# Returning Windows Media Player to its normal size



## mystic54 (Oct 25, 2004)

Ever since I tried to change my Windows Media Player's skin like 6 months back, then changed it back I never got the full size WMP again. This is what it looks like alway now:


This may seem simple to fix, but after exploring WMP for about an hour still couldn't get it back to the way old way. The way I'm talking about would be with the large visualizations, being able to see my playlists, and my libraries. If you need any more info. just ask. Thanks!


----------



## mystic54 (Oct 25, 2004)

Guys, just wondering after no replies for a while, did I post this in the wrong forum or what? Should I consult other places as well as here. Just a little confused on where to go from here, thanks for any reply.


----------



## bomb #21 (Jul 1, 2005)

From your pic, the 3 buttons (caption -- fit to video -- switch to full) seem to be there (in the blue portion of the strip below the menu bar). Do they not function?

Alternatively, is there no "Full mode" option on the "View" menu?

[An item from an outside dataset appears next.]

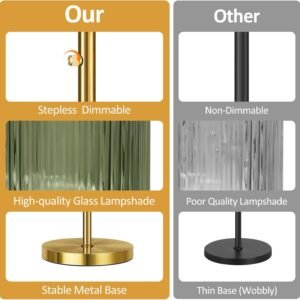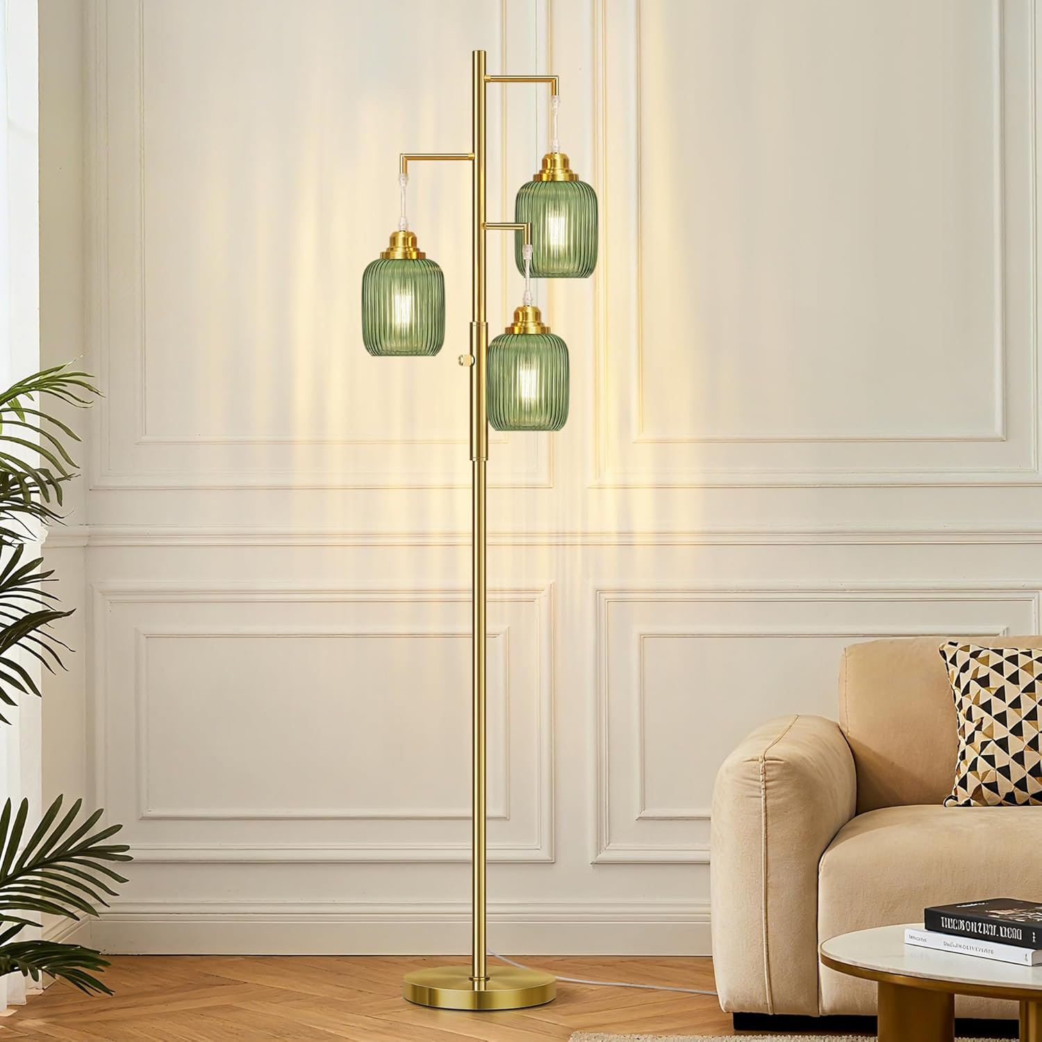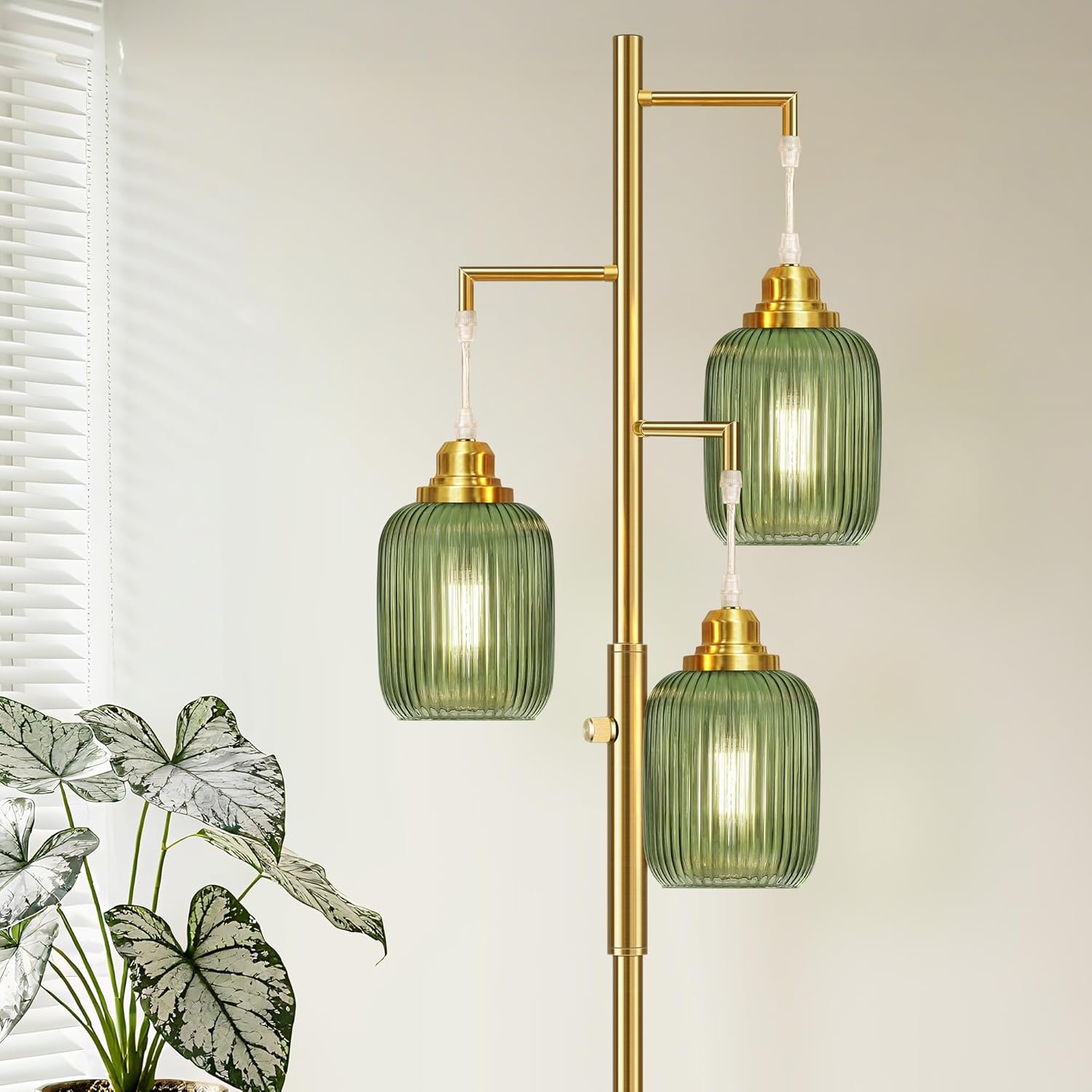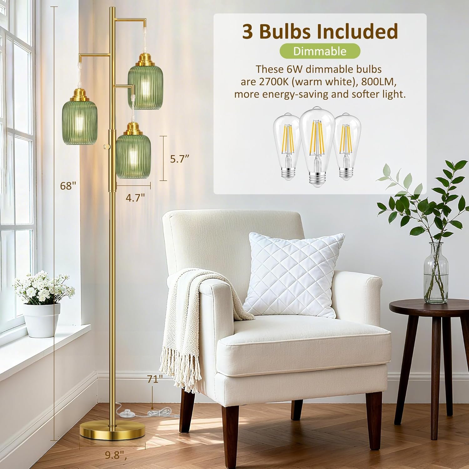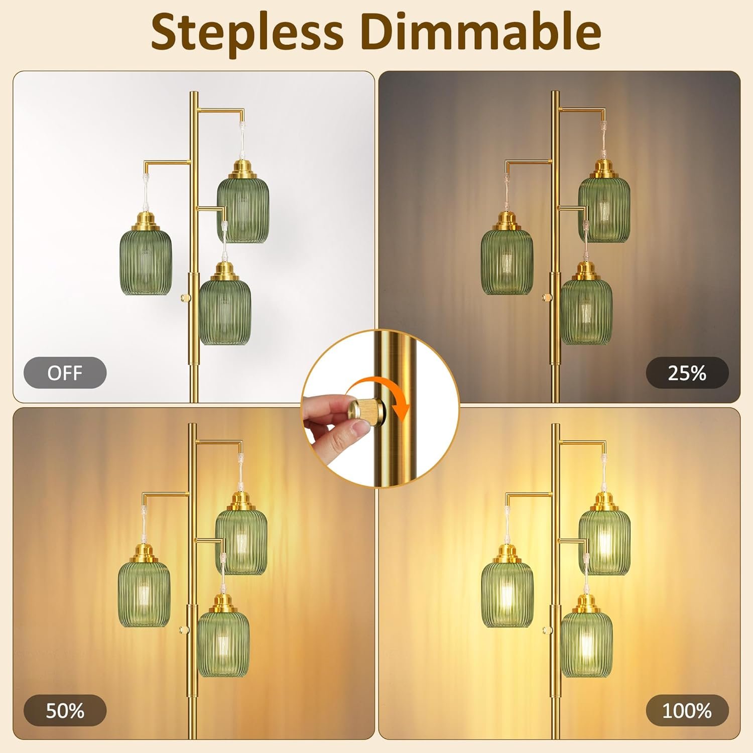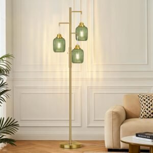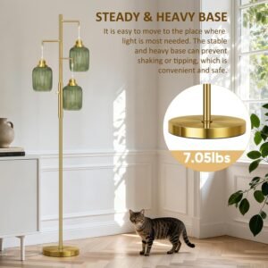 Regulación sin escalonamientos (0-100%): A diferencia de las lámparas de pie tradicionales no regulables para la sala de estar, nuestra lámpara de pie regulable es completamente regulable sin escalonamientos. Simplemente gírala y luego puedes ajustar la lámpara de pie verde al rango de brillo de 0 a 100% de acuerdo a las necesidades de diferentes escenas Bombillas LED incluidas: para tu mejor experiencia de usuario, estas lámparas de pie bohemias proporcionan 3 bombillas LED regulables de 6 W. Tres bombillas emiten luz cálida de 2700 K en total y solo consumen 6 W. Las bombillas premium no parpadean, tienen luz suave y tienen una vida útil más larga Aspecto elegante y único: si quieres decorar tu hogar, esta lámpara de pie brillante será una buena opción. Está equipado con 3 hermosas lámparas colgantes de vidrio verde, que pueden añadir un efecto decorativo a tu habitación. Estas lámparas industriales de pie son perfectas para áreas interiores generales, que incluyen el comedor, sala de estar, dormitorios, oficinas, cocina, pasillo, cafetería, sótano, bar y club Material de alta calidad y base de metal resistente: esta lámpara de pie de 3 luces está hecha de materiales de alta calidad para crear una base pesada y estable y un poste de luz para garantizar la estabilidad incluso en la alfombra. A diferencia de otros acabados de pintura que se despegan fácilmente, utilizamos un acabado de cepillo dorado de alta calidad. Son firmes y resistentes, nunca se doblan. La base es lo suficientemente fiable, no importa que se caiga debido a un signo de perturbación o problemas Fácil instalación: viene con todos los accesorios de montaje para una configuración rápida. Nuestras modernas lámparas de pie son muy fáciles de instalar. No hay procedimientos complejos, por lo que puede disfrutar de la hermosa luz de inmediato. Estas lámparas cuentan con 3 enchufes E26 resistentes al calor (máximo 60W), asegurando una compatibilidad segura y confiable con cualquier bombilla estándar E26 al reemplazar o actualizar su iluminación

Alternatively, does CTRL+1 do nothing for you?

hth,
bomb


----------



## mystic54 (Oct 25, 2004)

When I click the full mode button, it does nothing. Under view here is what it looks like:


I just updated to WMP 11 Beta, but still nothing changed. Thanks for the help, if you need more info please ask.


----------



## bomb #21 (Jul 1, 2005)

According to Google, "run gpedit.msc, go to User Configuration > Administrative Templates > Windows Components > Windows Media Player > User Interface, and undo the Set and Lock
Skin setting".

Cannot verify however as _I_ can't run gpedit.msc 

EDIT: I'll request moving this to "Multimedia (CD/DVD Burning, *Windows Media Player*, Codecs, etc.)"


----------



## mystic54 (Oct 25, 2004)

Yes I can't run gpedit.msc either because we both don't have xp pro, I'm guessing you have home too. Well thanks for the request. Can anybody else help me out in getting to the WMP service like bomb says without having to have xp pro.


----------